As a result of following her performances and the fluff footage they’ve aired over the last month or so, I have come to the conclusion that, while I have many excellent qualities, I pale in comparison to Kristi in every conceivable way. Rather than feel bad about all this, I think it’s best in these kinds of situations to just come clean, to specifically define what’s really going on in order to really own it.
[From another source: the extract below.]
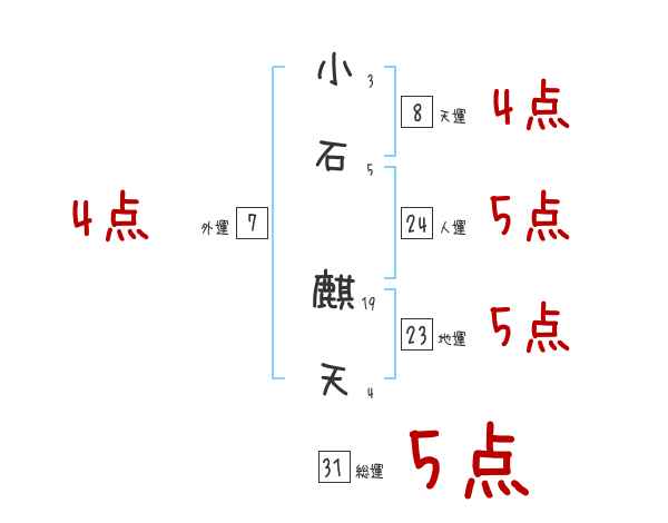 小石麒天さんの画数の鑑定結果

This is why I have compiled the following list.
Ten Things I Envy about Kristi
- Her fame has reached the point where I can refer to her without using her last name and everyone reading this knows exactly who I am talking about.
- Her ability to dance with sharpness, agility, and nuance…and move in a way that is vastly different from how she ever did on skates. (For lack of anything else to critique, the shows’ judges have repeatedly criticized her for not demonstrating enough emotion or passion while dancing, but this is an obvious attempt on the part of the show’s writers and producers to create the illusion that she has something to improve upon.)
- The dreamy dresses the Dancing With the Stars seamstresses have created for her, not to mention the trim body they have to work with.
- Her opportunity to dance with the nicely-sculpted, accent-wielding specimen that is Mark Ballas.
- Her sporty, hockey-playing husband who, at least from this distance, appears to have all his original teeth.
- Her ability to ingest many hot dogs in one sitting. (Okay, her success on the hotdog eating circuit was an April Fool’s hoax for the show, but even knowing it isn’t true, I still can’t help myself from wanting to be able to do this, now that she’s “demonstrated” it.)
- Her cute little daughters rendered doubly adorable by matching outfits.
- Her dignity and the sportsman-like way she comports herself in seemingly every waking moment.
- Her competitive drive, which I have every reason to believe would translate to success in any field she tried to enter: High finance? Basketball? Competitive juggling? She could surely master any and all of these.
- Oh yeah, and her Olympic Gold Medal.
Here’s something I have that Kristi (presumably) does not: a parking space in New York City. Then again, she’s probably better off. Read why by clicking on Cusp of Greatness in the column over to the right.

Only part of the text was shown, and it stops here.